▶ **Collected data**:
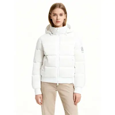 Женская зимняя пуховая куртка Armani Exchange с прямым кроем и базовым дизайном станет отличным выбором для повседневного гардероба в демисезонный и зимний периоды. Изготовленная из прочного полиамида, она обеспечивает надежную защиту от ветра и влаги, а подкладка из того же материала дарит комфорт при носке. Наполнитель состоит преимущественно из пуха с добавлением пера, что гарантирует тепло и легкость изделия.Белый оттенок без принта делает вещь универсальной и легко сочетаемой с разными стилями одежды. Практичная двухзамковая молния обеспечивает удобство в использовании, а съемный капюшон добавляет функциональности, позволяя адаптировать куртку к погодным условиям. На левой руке расположена аккуратная нашивка с логотипом, подчеркивающая статусность изделия.Модель оснащена двумя внешними карманами для хранения необходимых мелочей или согрева рук. Этот трендовый вариант отлично подходит для осенне-весеннего периода благодаря продуманному крою и материалам высокого качества. Куртка создана с учетом современных тенденций моды, предлагая сочетание стиля и практичности без лишних деталей.Выбирая эту верхнюю одежду, можно быть уверенной в комфорте даже в прохладные дни благодаря качественному наполнителю и плотной ткани. Универсальный дизайн позволяет использовать изделие как основу для различных образов, поддерживая женственность и удобство одновременно.
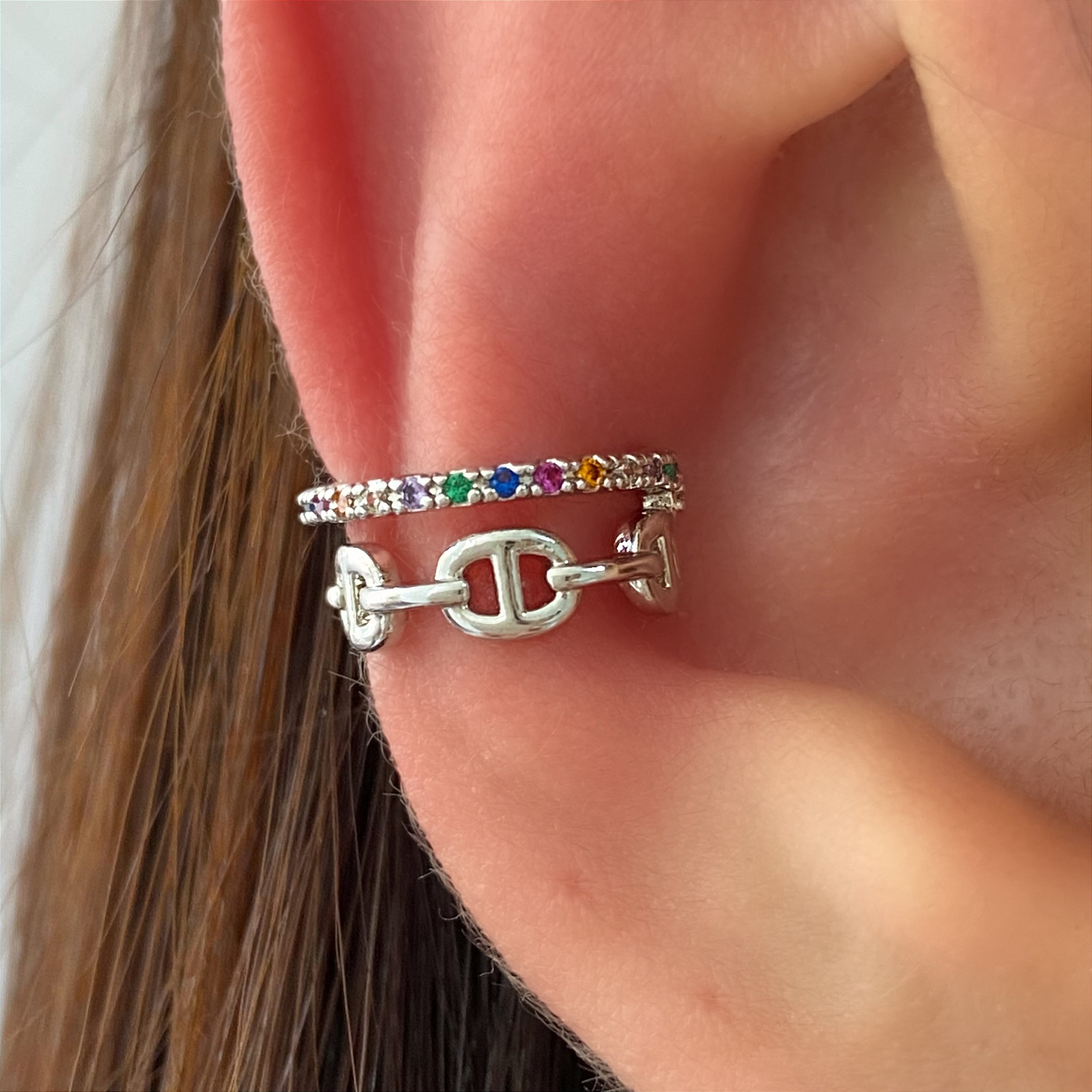 PIERCING FAKE CORRENTE FIO ZIRCÔNIAS PRATEADO BIJU
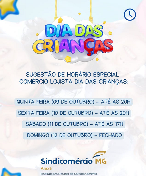 O Sindicomércio Araxá propôs um horário especial de funcionamento para o comércio lojista da cidade em alusão ao Dia das Crianças, celebrado em 12 de outubro. A sugestão visa impulsionar as vendas e oferecer mais comodidade aos consumidores que buscam presentes para a data comemorativa.
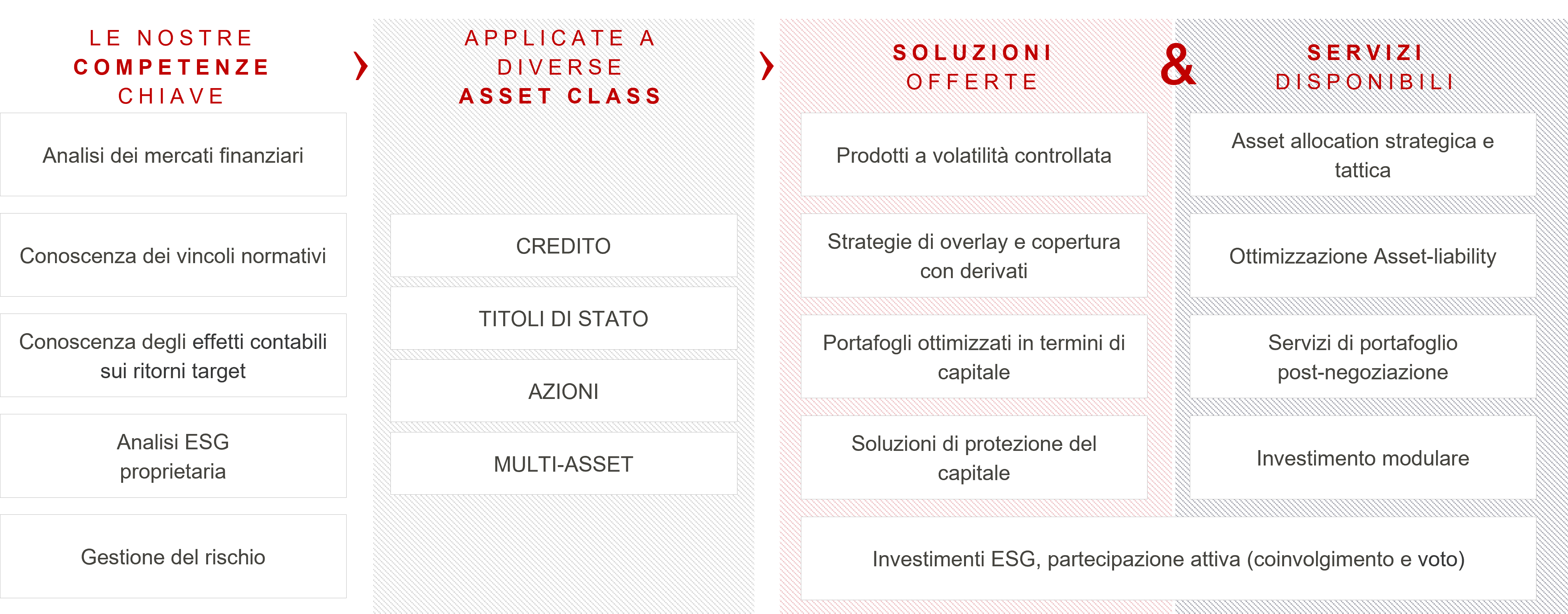 Facciamo leva sulle nostre capacità chiave per proporre servizi e soluzioni totalmente personalizzati in base alle sfide di investimento specifiche di ogni cliente.
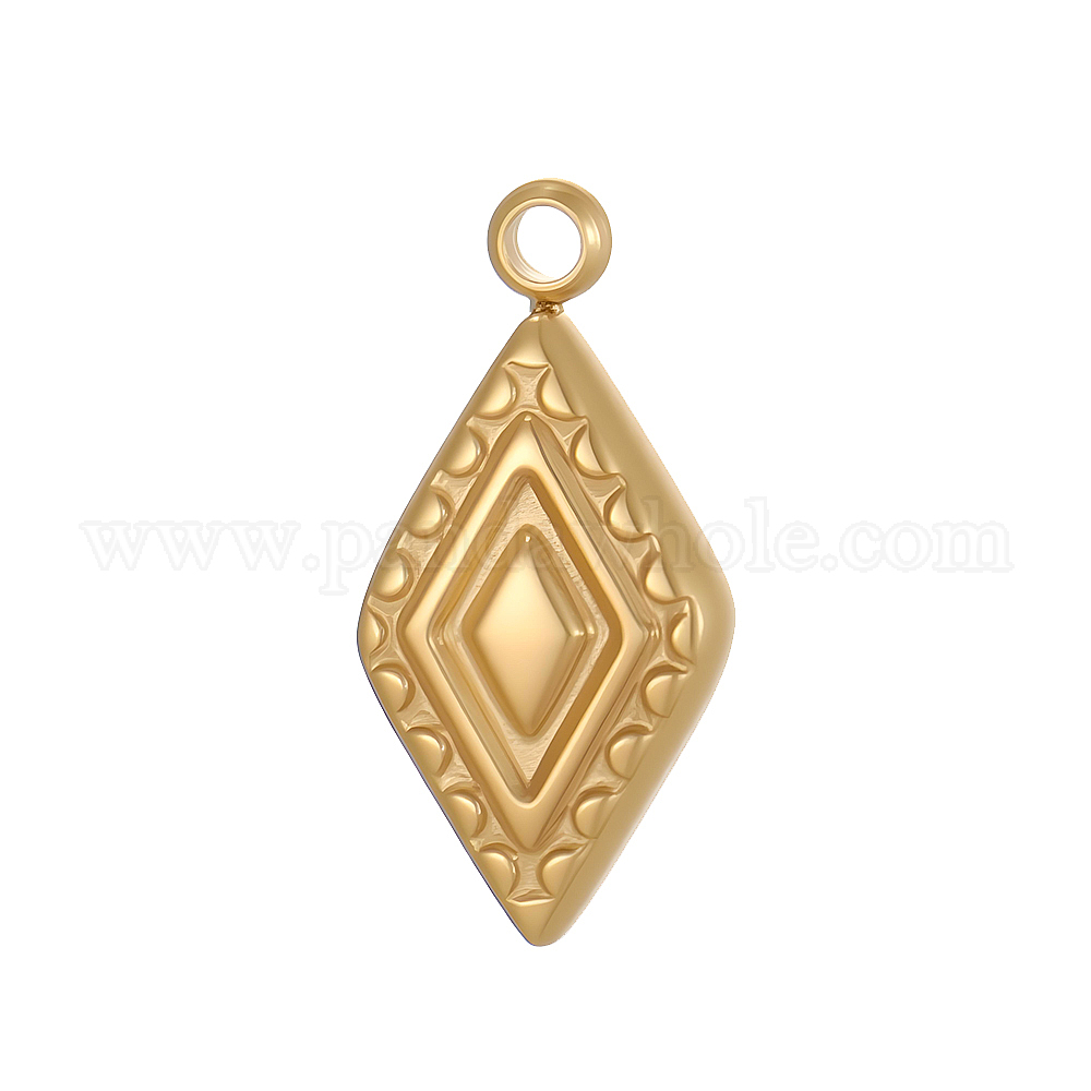 • Настоящее золото 14K 304 прелести нержавеющей стали, ромб, ионное покрытие (ip), реальный 14 k позолоченный, 11x6 мм

▶ **WHAT NEEDS TO BE DONE**:
Please retype every record exactly, leaving the pictures out.

▶ **YOUR RESPONSE**:
 Женская зимняя пуховая куртка Armani Exchange с прямым кроем и базовым дизайном станет отличным выбором для повседневного гардероба в демисезонный и зимний периоды. Изготовленная из прочного полиамида, она обеспечивает надежную защиту от ветра и влаги, а подкладка из того же материала дарит комфорт при носке. Наполнитель состоит преимущественно из пуха с добавлением пера, что гарантирует тепло и легкость изделия.Белый оттенок без принта делает вещь универсальной и легко сочетаемой с разными стилями одежды. Практичная двухзамковая молния обеспечивает удобство в использовании, а съемный капюшон добавляет функциональности, позволяя адаптировать куртку к погодным условиям. На левой руке расположена аккуратная нашивка с логотипом, подчеркивающая статусность изделия.Модель оснащена двумя внешними карманами для хранения необходимых мелочей или согрева рук. Этот трендовый вариант отлично подходит для осенне-весеннего периода благодаря продуманному крою и материалам высокого качества. Куртка создана с учетом современных тенденций моды, предлагая сочетание стиля и практичности без лишних деталей.Выбирая эту верхнюю одежду, можно быть уверенной в комфорте даже в прохладные дни благодаря качественному наполнителю и плотной ткани. Универсальный дизайн позволяет использовать изделие как основу для различных образов, поддерживая женственность и удобство одновременно.
 PIERCING FAKE CORRENTE FIO ZIRCÔNIAS PRATEADO BIJU
 O Sindicomércio Araxá propôs um horário especial de funcionamento para o comércio lojista da cidade em alusão ao Dia das Crianças, celebrado em 12 de outubro. A sugestão visa impulsionar as vendas e oferecer mais comodidade aos consumidores que buscam presentes para a data comemorativa.
 Facciamo leva sulle nostre capacità chiave per proporre servizi e soluzioni totalmente personalizzati in base alle sfide di investimento specifiche di ogni cliente.
 • Настоящее золото 14K 304 прелести нержавеющей стали, ромб, ионное покрытие (ip), реальный 14 k позолоченный, 11x6 мм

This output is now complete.